En cela, Akrich rejoint l’idée d’ « innovation ordinaire » proposée par Alter (2000) qui affirme que l’innovation est un processus social quotidien, imprégné de normes et de croyances. Selon lui, l'innovation est au coin de la rue: on la rencontre aussi bien chez cet agent d'assurance qui « se débrouille » avec les procédures pour satisfaire son client, que chez ce professeur qui met en place dans son collège un module de formation à la citoyenneté. L'innovation est donc aussi une activité banale et quotidienne, située au cœur de l’action. Mais elle est en même temps complexe, car éminemment sociale. Elle n'est pas produite uniquement par la technique, la rationalité ou la stratégie: elle résulte d'un processus mêlant de l'incertitude, de la transgression, des interactions et des croyances. Akrich (2006b) s’interrogera également sur les conséquences que les formes prises par l’action avec des dispositifs techniques ou par leur médiation ont sur la définition même des intentions et des acteurs qui les portent. Cette réflexion fait écho à l’approche par les instruments, que nous détaillerons à la section 2.3.

Enfin, Akrich s’est intéressée aux relations entre sociologie de l’innovation et sociologie de l’action, et au rôle joué par les objets techniques dans l’articulation entre processus d’innovation et action.
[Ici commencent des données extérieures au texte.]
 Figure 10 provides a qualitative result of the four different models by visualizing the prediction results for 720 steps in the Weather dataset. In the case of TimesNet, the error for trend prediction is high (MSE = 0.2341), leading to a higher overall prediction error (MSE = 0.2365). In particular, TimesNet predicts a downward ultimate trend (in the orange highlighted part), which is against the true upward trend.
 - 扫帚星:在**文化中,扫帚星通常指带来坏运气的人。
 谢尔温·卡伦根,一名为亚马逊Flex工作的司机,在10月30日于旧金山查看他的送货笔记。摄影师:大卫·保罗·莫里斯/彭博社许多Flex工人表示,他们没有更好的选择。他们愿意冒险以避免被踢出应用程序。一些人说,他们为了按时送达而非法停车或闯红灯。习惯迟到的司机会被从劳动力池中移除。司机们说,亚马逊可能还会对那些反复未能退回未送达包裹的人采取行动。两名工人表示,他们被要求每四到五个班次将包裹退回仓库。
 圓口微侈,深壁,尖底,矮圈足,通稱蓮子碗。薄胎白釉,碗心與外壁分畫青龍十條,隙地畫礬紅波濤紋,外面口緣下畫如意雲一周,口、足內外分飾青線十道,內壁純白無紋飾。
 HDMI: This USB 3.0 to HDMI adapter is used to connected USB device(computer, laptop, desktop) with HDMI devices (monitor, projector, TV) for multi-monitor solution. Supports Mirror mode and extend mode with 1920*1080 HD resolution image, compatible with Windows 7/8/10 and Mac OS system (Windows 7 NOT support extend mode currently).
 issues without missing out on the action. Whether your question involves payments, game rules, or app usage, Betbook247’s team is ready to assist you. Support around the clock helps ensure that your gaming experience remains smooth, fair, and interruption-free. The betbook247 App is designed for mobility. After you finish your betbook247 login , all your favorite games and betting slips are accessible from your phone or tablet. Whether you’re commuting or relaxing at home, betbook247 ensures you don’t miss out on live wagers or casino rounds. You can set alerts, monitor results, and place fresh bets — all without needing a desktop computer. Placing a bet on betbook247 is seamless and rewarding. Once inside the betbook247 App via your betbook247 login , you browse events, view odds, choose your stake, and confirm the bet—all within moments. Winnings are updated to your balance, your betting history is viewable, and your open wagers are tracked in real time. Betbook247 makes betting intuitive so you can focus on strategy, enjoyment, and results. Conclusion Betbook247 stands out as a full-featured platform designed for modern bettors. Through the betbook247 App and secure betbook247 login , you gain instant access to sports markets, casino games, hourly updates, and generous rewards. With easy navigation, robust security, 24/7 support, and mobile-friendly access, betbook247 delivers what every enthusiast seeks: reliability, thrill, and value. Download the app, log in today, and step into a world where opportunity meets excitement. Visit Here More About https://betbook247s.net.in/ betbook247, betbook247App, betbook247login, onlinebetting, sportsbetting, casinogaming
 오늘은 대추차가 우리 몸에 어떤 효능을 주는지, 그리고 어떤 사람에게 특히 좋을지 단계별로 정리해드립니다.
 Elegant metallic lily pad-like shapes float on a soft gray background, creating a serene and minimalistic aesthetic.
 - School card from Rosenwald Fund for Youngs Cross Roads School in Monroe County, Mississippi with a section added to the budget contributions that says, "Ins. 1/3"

Elle fait ainsi l’hypothèse que les objets techniques, et nous étendrons cette idée aux IAPs, ne sont pas seulement des dispositifs de traduction mais aussi des « objets-frontières » tels qu’ils ont été définis par Star et Griesemer (1989), qui séparent en même temps qu’ils permettent une certaine coordination entre différents espaces. En particulier, ils permettent d’articuler l’espace de leur conception et celui de leur utilisation dans l’action. Nous parlerions donc même de l’ « espace-temps » de l’innovation d’une part, dans lequel une certaine description de l’objet sera prédominante, et de l’ « espace-temps » de l’action, dans lequel l’objet sera défini d’une manière différente.

2.2.6 Conclusion

En conclusion, la SAR a consacré beaucoup d’efforts à l’analyse des processus de construction et d’extension des réseaux dont la prolifération caractérise les sociétés dans lesquelles nous vivons, et qui sont autant de tentatives pour tenter répondre aux « problèmes » qui se présentent. Au départ de chaque réseau, on retrouve en effet un « problème ». Les concepts d’ « acteur-réseau », de « traduction », d’ « intéressement » et de « porte-parole » ont été développés pour expliquer la constitution progressive de ces assemblages hétérogènes (Callon, 1986). Ces réseaux peuvent être caractérisés par leur longueur, leur stabilité et leur degré d’hétérogénéité. Tout processus d’innovation nécessite de revoir les relations qui existent au sein de ces réseaux.

La SAR nous fournit des pistes de compréhension des processus d’innovation en matière de gouvernance urbaine et en particulier des processus de conception ou de révision de certains IAPs, qui nous aideront dans notre réflexion sur la mise en place d’une action publique visant à soutenir la transition durable des quartiers. L’analyse des processus de recherche et d’innovation proposée par la SAR esquisse par ailleurs les principes de la recherche-action, qui seront développés à la section 2.5.

Enfin, même si les dispositifs techniques étudiés par la SAR laissent peu de marge de manœuvre aux acteurs dans leur utilisation de ces dispositifs, comparativement à certains IAP de la gouvernance urbaine, la SAR nous donne également quelques clés de compréhension du rôle et de la place qu’occupent les dispositifs ou instruments dans

l’action, mais aussi de leur rôle d’objets-frontières (frontière plus ou moins perméable d’ailleurs) entre l’espace-temps de l’innovation et celui de l’action.